_Data extract_.
============================================================

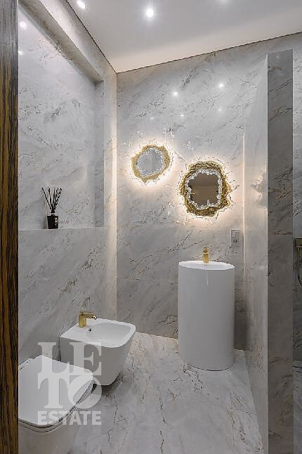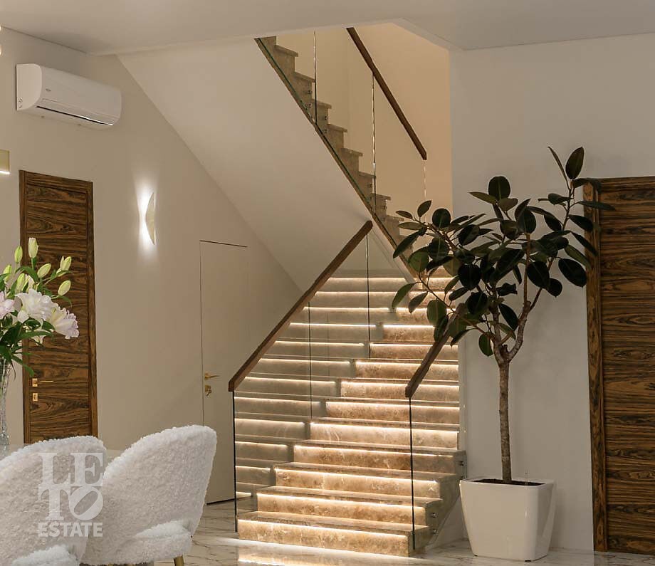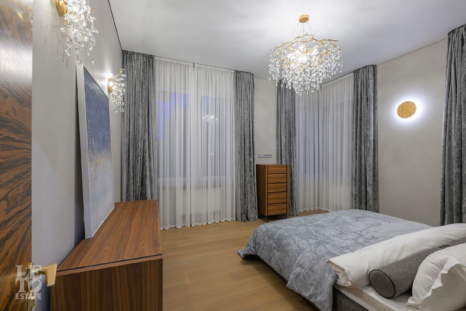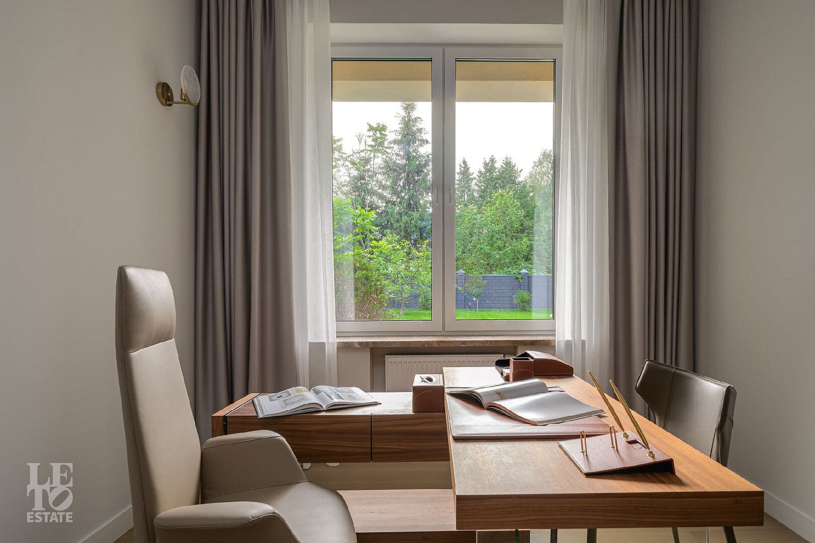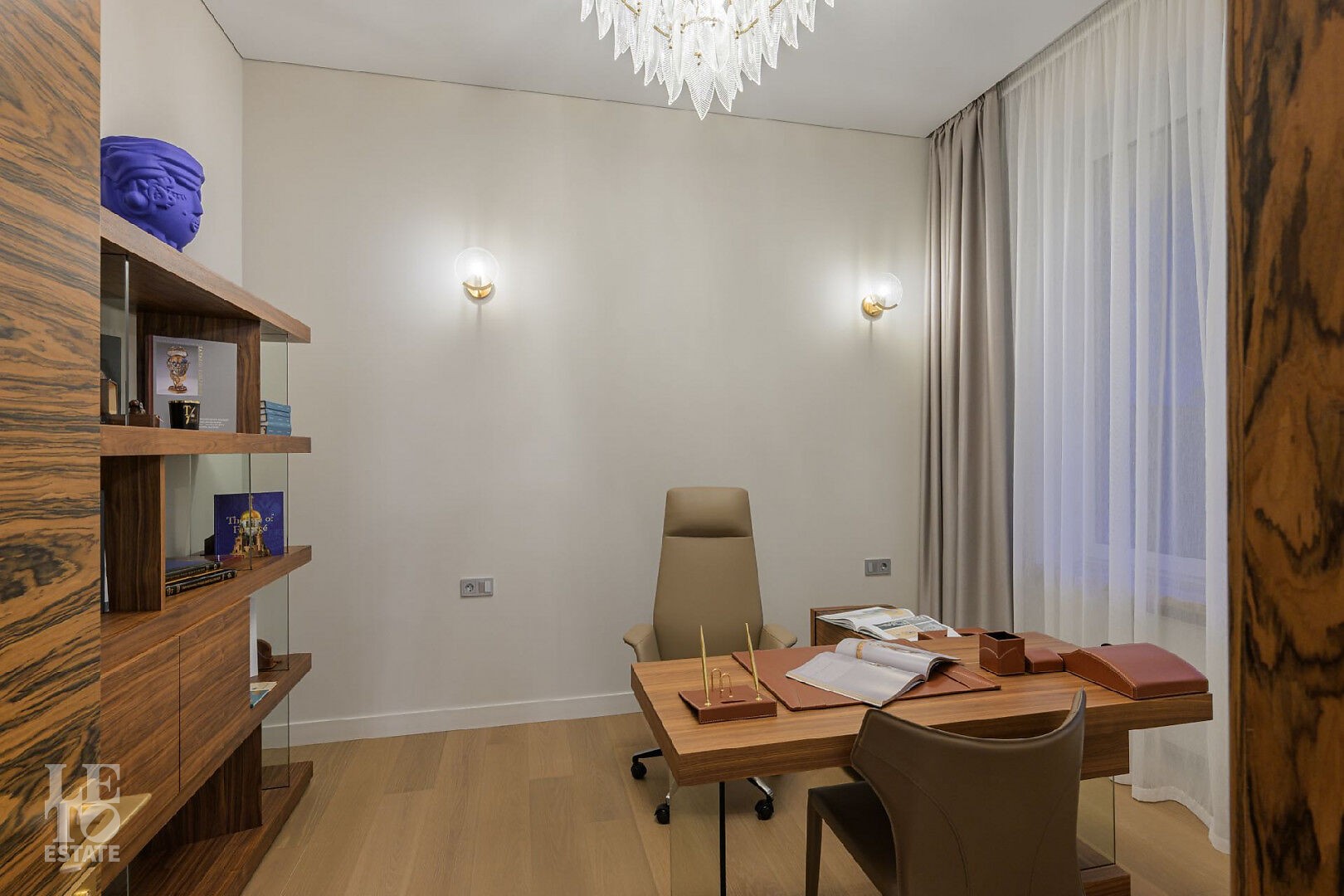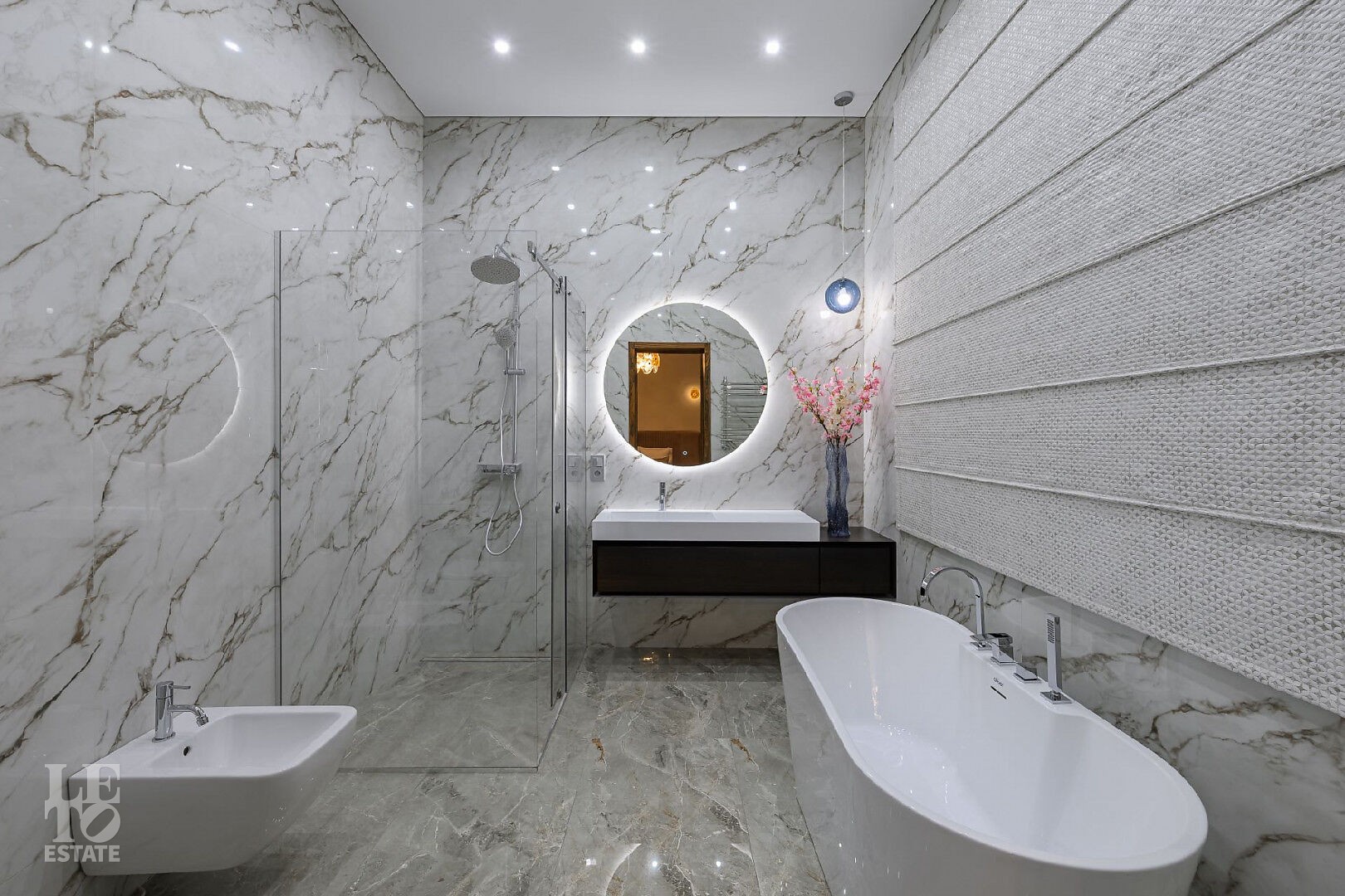 Фасад дома облицован натуральным камнем, цоколь из гранита. Въездная группа, терраса и дорожки вымощены из брусчатки. Дом полностью меблирован, отделка в доме выполнена с использованием высококачественных материалов - ценных пород дерева, шпона, натурального камня, мрамора, текстиль премиального качества, уровневое освещение, встроенная мебель индивидуального изготовления. Установлена система вентиляции с климат-контролем в каждом помещении.
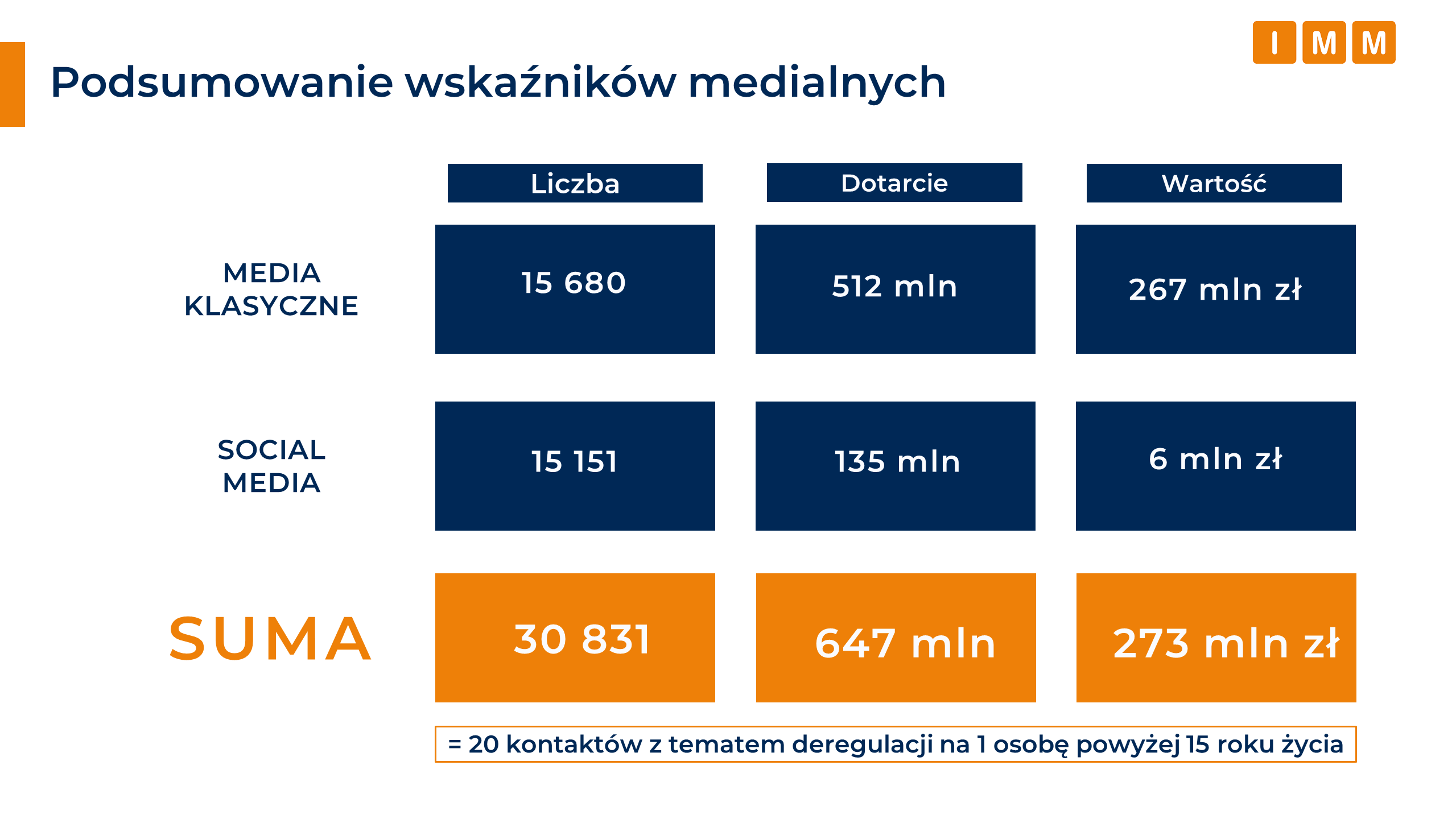 Zasięg informacji o Orlenie okazał się niższy (pomimo większej liczby publikacji), ponieważ temat deregulacji był szeroko komentowany w opiniotwórczych mediach głównego nurtu. Deregulacja wygrała także z Robertem Lewandowskim pod względem wartości reklamowej oraz samej liczby publikacji. Analiza pokazuje, że temat deregulacji w gospodarce stał się jednym z wiodących w dyskursie medialnym.
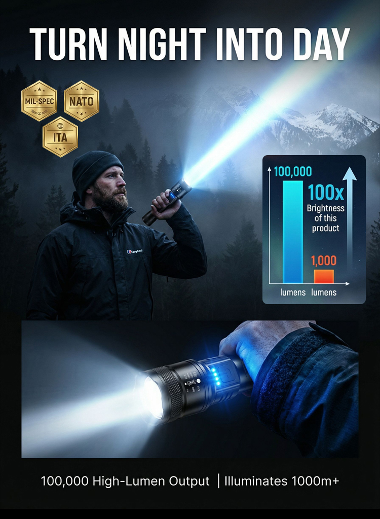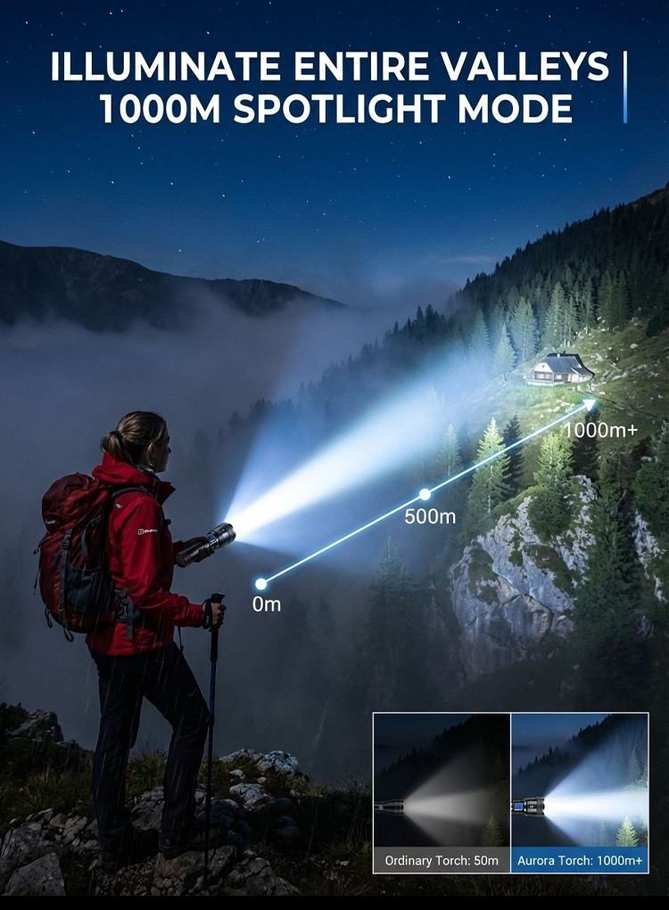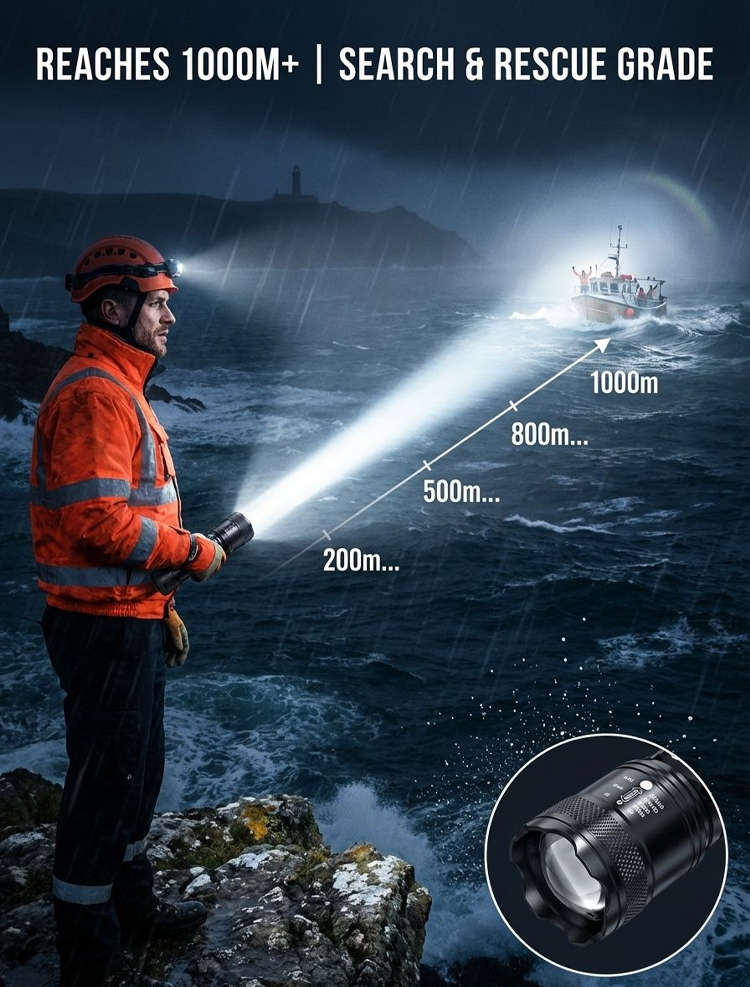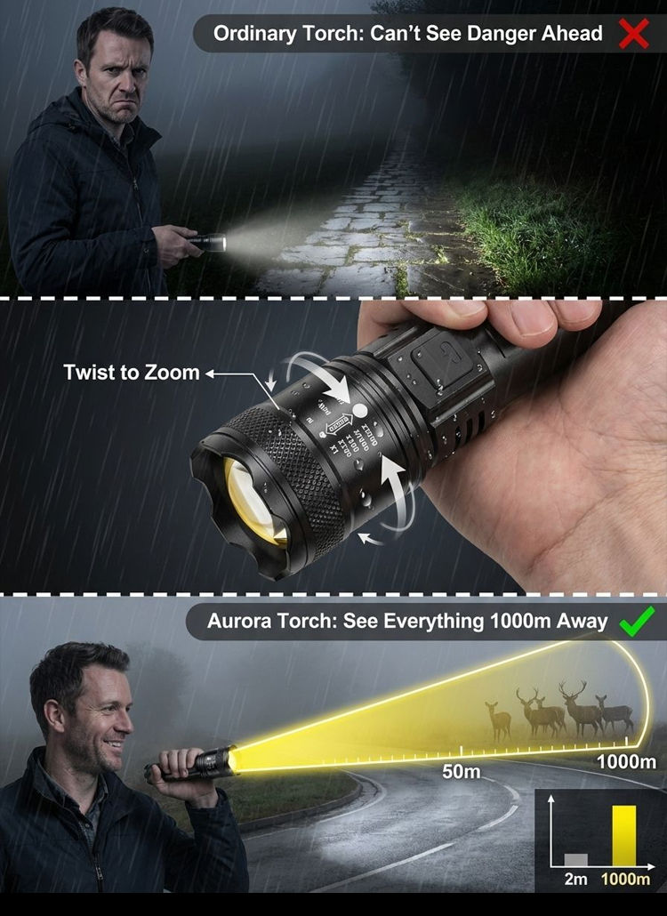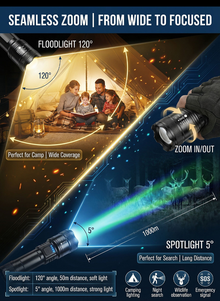 🔥Zoomable Spotlight Flashlight– 2-Mile Beam • Fire-Starting • Bear Deterrent

============================================================

_What needs to be done_. For each line above, output its wording exactly and leave out any picture.

_Output for this task_.
 Фасад дома облицован натуральным камнем, цоколь из гранита. Въездная группа, терраса и дорожки вымощены из брусчатки. Дом полностью меблирован, отделка в доме выполнена с использованием высококачественных материалов - ценных пород дерева, шпона, натурального камня, мрамора, текстиль премиального качества, уровневое освещение, встроенная мебель индивидуального изготовления. Установлена система вентиляции с климат-контролем в каждом помещении.
 Zasięg informacji o Orlenie okazał się niższy (pomimo większej liczby publikacji), ponieważ temat deregulacji był szeroko komentowany w opiniotwórczych mediach głównego nurtu. Deregulacja wygrała także z Robertem Lewandowskim pod względem wartości reklamowej oraz samej liczby publikacji. Analiza pokazuje, że temat deregulacji w gospodarce stał się jednym z wiodących w dyskursie medialnym.
 🔥Zoomable Spotlight Flashlight– 2-Mile Beam • Fire-Starting • Bear Deterrent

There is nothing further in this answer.